[Collected data]
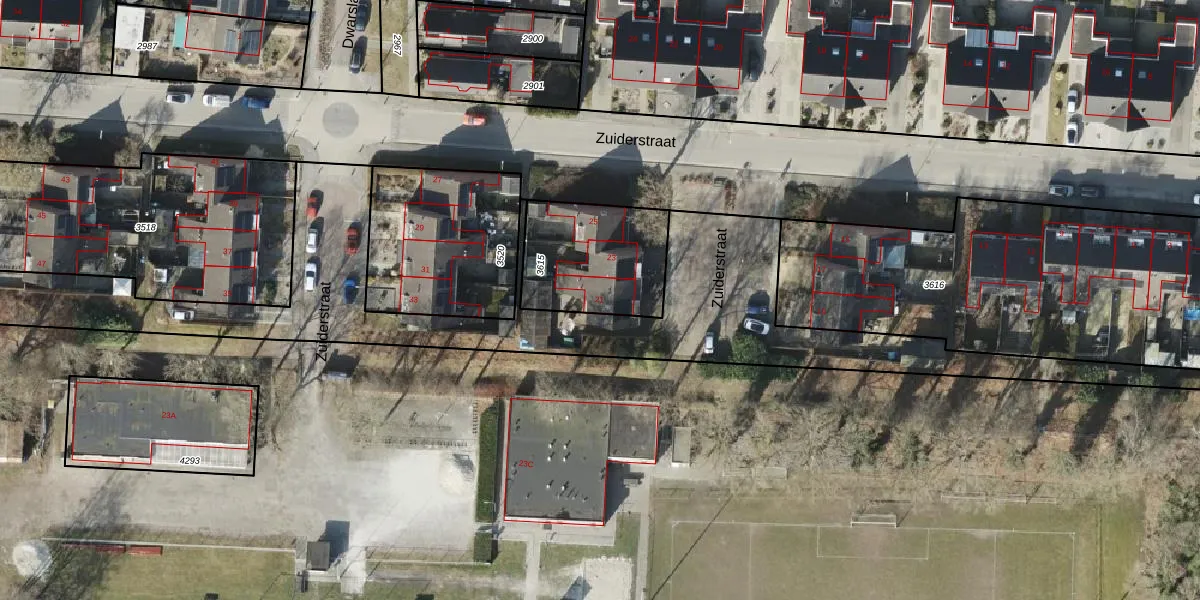 Het perceel waarop Zuiderstraat 21 staat heeft een oppervlakte van 434 m². Dit is een groot perceel. De perceeloppervlakte wordt geregistreerd door het Kadaster. Gedetailleerde informatie over de maten van dit perceel kunt u vinden in het rapport Kadastrale kaart met maatvoering van Zuiderstraat 21.
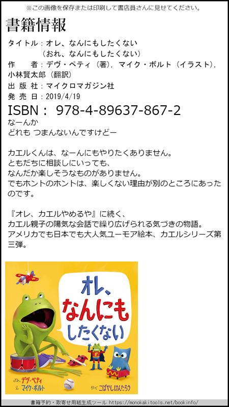 アメリカでも日本でも大人気ユーモア絵本、カエルシリーズ第三弾。
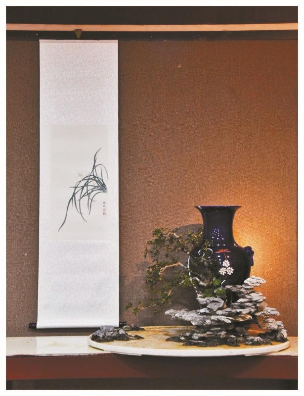 “雙粹”會(huì)展特點(diǎn)是景畫(huà)交融,典雅清心的工筆國(guó)畫(huà),配上美輪美奐的花瓶盆景,賞心悅目,讓觀者流連忘返。
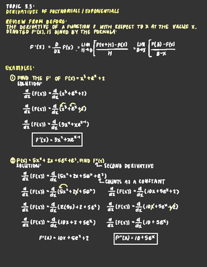 Compilation Of Notes For Calc 1 Topic 3 Derivatives Of Polynomials I Cxoonentials Review From Studocu
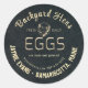Distressed black vintage-look with gold hen logo and 'embossed' font with the word EGGS. Add your name, location, product details and contact info.
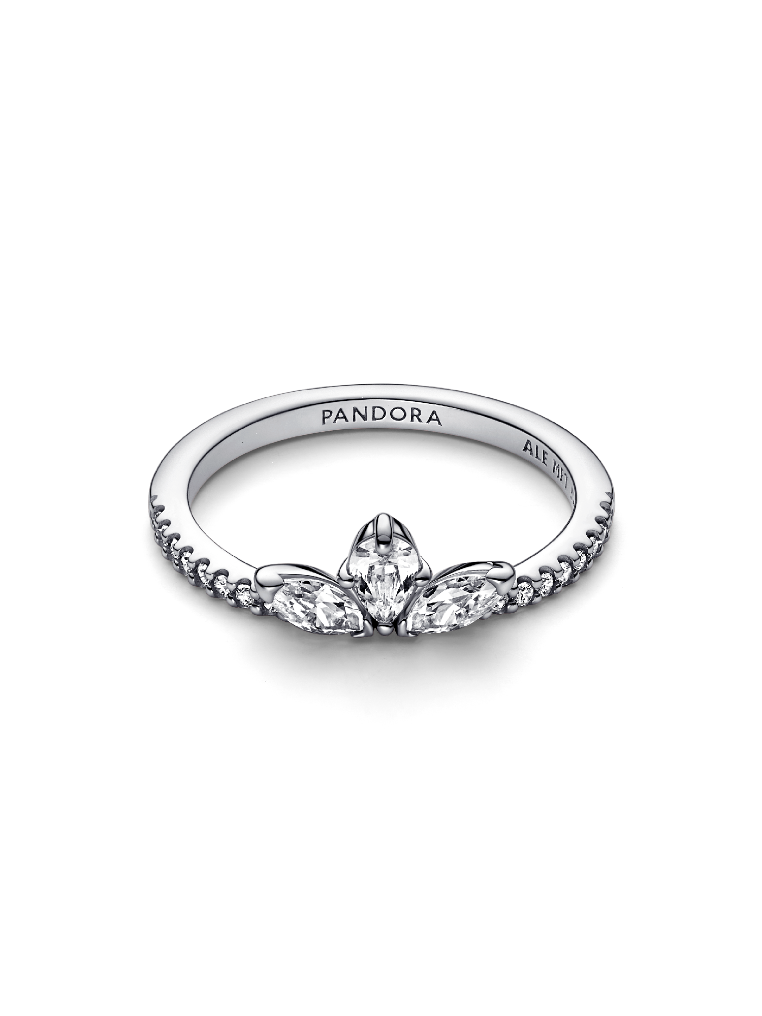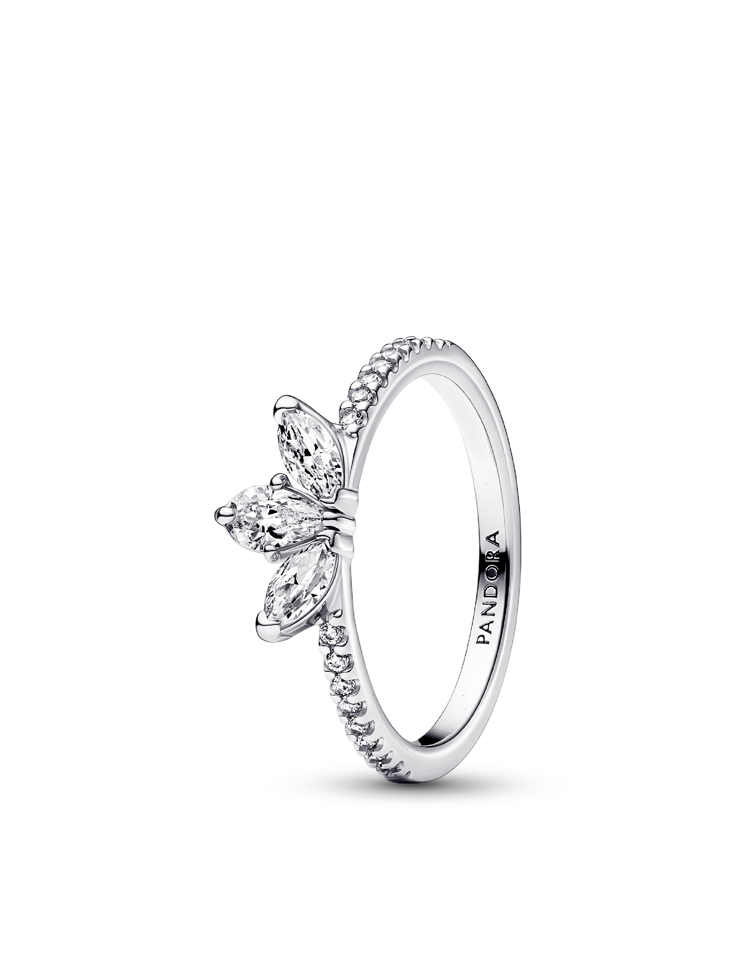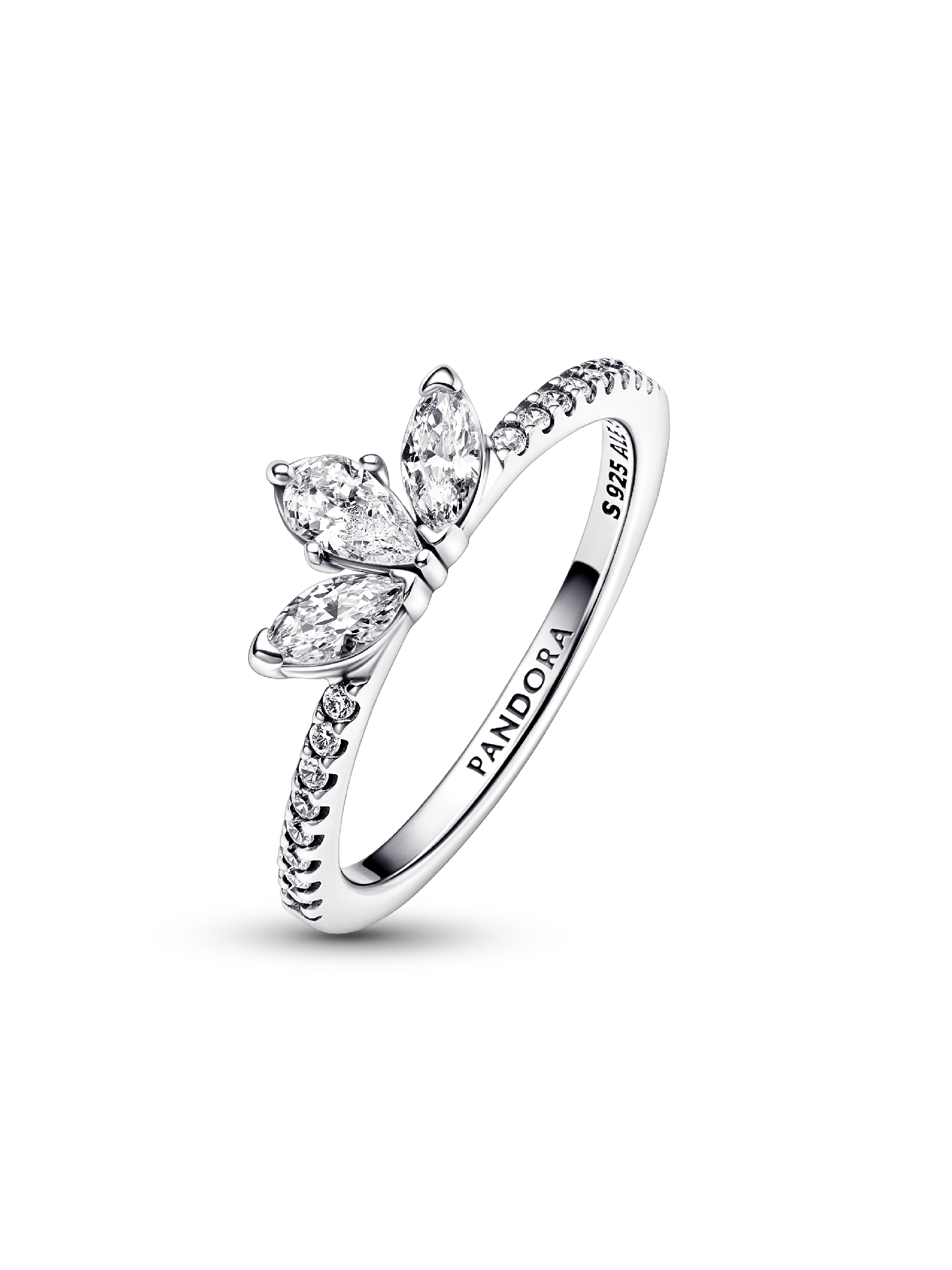 Our Sparkling Herbarium Cluster Ring features three central stones in a petal shape, two marquise-shaped and one pear-shaped. Crafted from sterling silver, this elegant ring is inspired by the beauty of nature, with petal silhouettes that will never go out of style. When styled back-to-back, they form a whole cluster motif, giving an air of completeness to your stack.
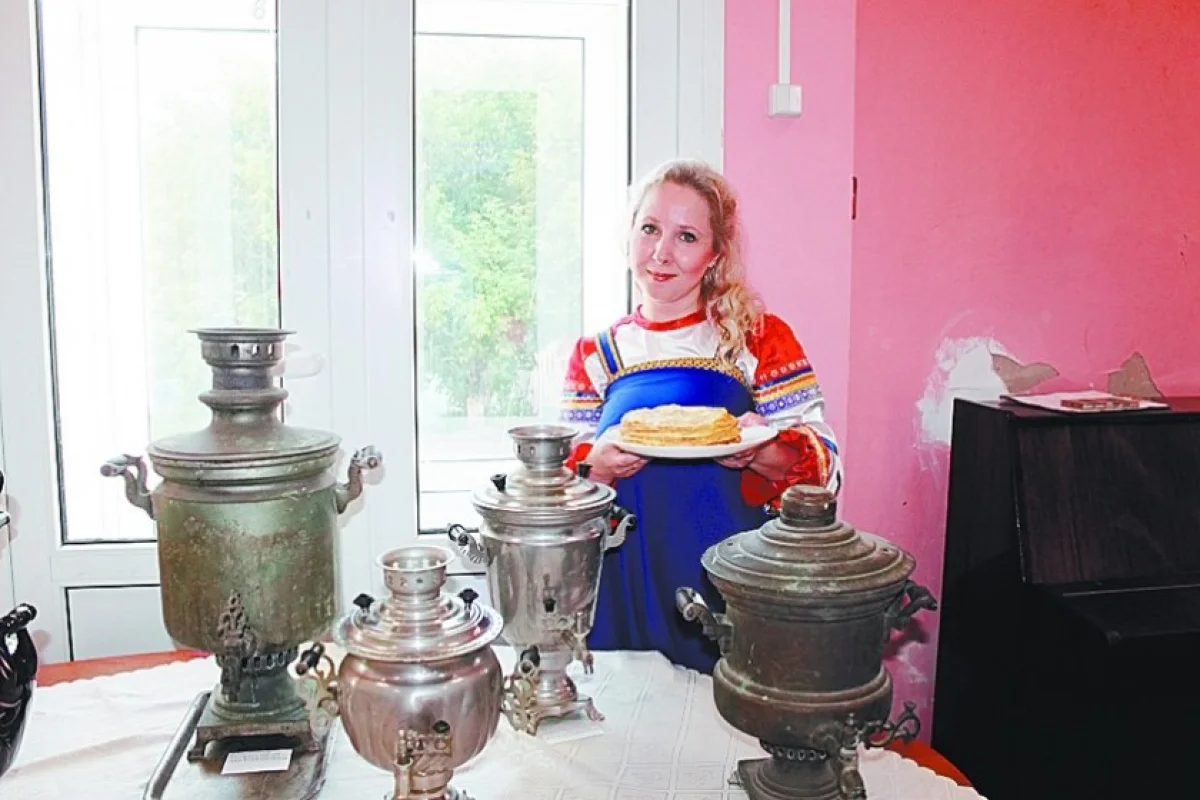 А в холле проходит интересная выставка старинных самоваров. Часть из них принесли наших сотрудники. В моей семье тоже сохранился дровяной самовар, сделанный в Туле. Его покупали ещё мои бабушка с дедушкой. И мы до сих пор пьём из него чай, когда приезжаем в деревню. Закладываем щепочки, растапливаем. Он даже внутри пахнет щепкой. И чай получается особенный, ароматный.
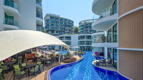 Studio in the Absolute Twin Sands condominium with an area of 50 sq.m. with a swimming pool, overlooking the sea...
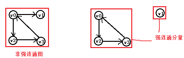 4) 极大强连通子图:该子图是G的强连通子图,将G的任何不在该子图中的顶点加入,子图不再强连通
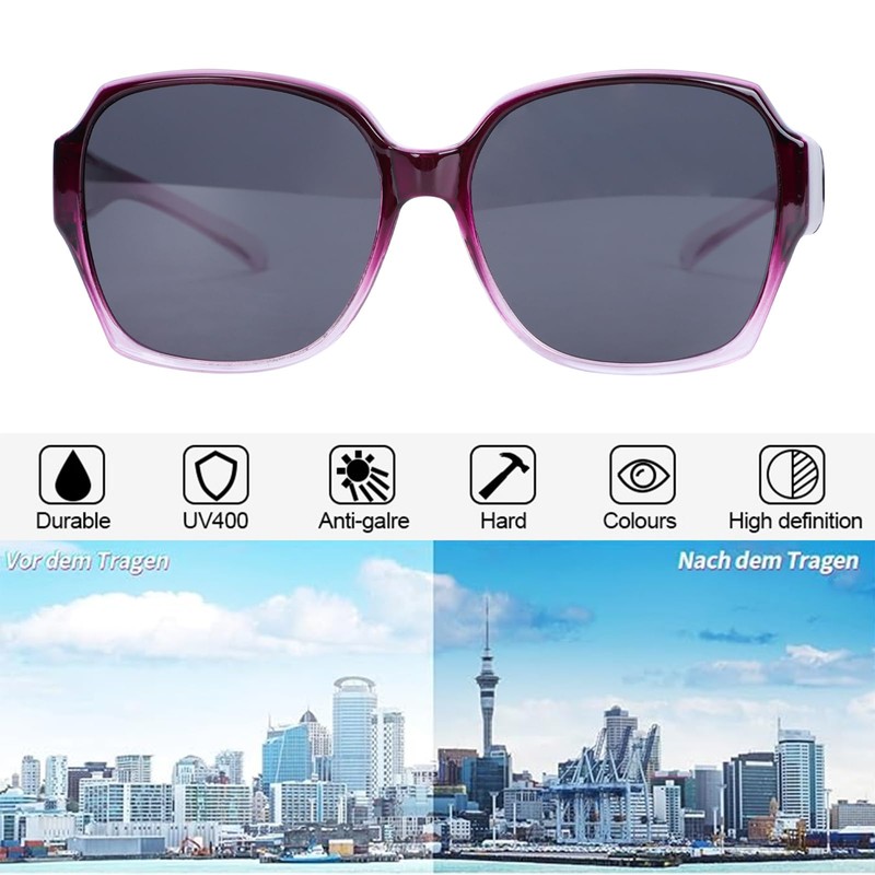 - 【COMFORTABLE WEARING EXPERIENCE】Made with scratch-resistant TAC lenses, a metal hinge structure, and comfortable nose pads, these over spectacles sunglasses provide an exceptional wearing experience. The non-slip temples ensure stability, making them suitable for long-term wear.

■ **Problem**: With pictures left out, transcribe each line from the one containing "Compilation Of Notes" through the end of the data, both ends included.

■ **Solution**:
 Compilation Of Notes For Calc 1 Topic 3 Derivatives Of Polynomials I Cxoonentials Review From Studocu
Distressed black vintage-look with gold hen logo and 'embossed' font with the word EGGS. Add your name, location, product details and contact info.
 Our Sparkling Herbarium Cluster Ring features three central stones in a petal shape, two marquise-shaped and one pear-shaped. Crafted from sterling silver, this elegant ring is inspired by the beauty of nature, with petal silhouettes that will never go out of style. When styled back-to-back, they form a whole cluster motif, giving an air of completeness to your stack.
 А в холле проходит интересная выставка старинных самоваров. Часть из них принесли наших сотрудники. В моей семье тоже сохранился дровяной самовар, сделанный в Туле. Его покупали ещё мои бабушка с дедушкой. И мы до сих пор пьём из него чай, когда приезжаем в деревню. Закладываем щепочки, растапливаем. Он даже внутри пахнет щепкой. И чай получается особенный, ароматный.
 Studio in the Absolute Twin Sands condominium with an area of 50 sq.m. with a swimming pool, overlooking the sea...
 4) 极大强连通子图:该子图是G的强连通子图,将G的任何不在该子图中的顶点加入,子图不再强连通
 - 【COMFORTABLE WEARING EXPERIENCE】Made with scratch-resistant TAC lenses, a metal hinge structure, and comfortable nose pads, these over spectacles sunglasses provide an exceptional wearing experience. The non-slip temples ensure stability, making them suitable for long-term wear.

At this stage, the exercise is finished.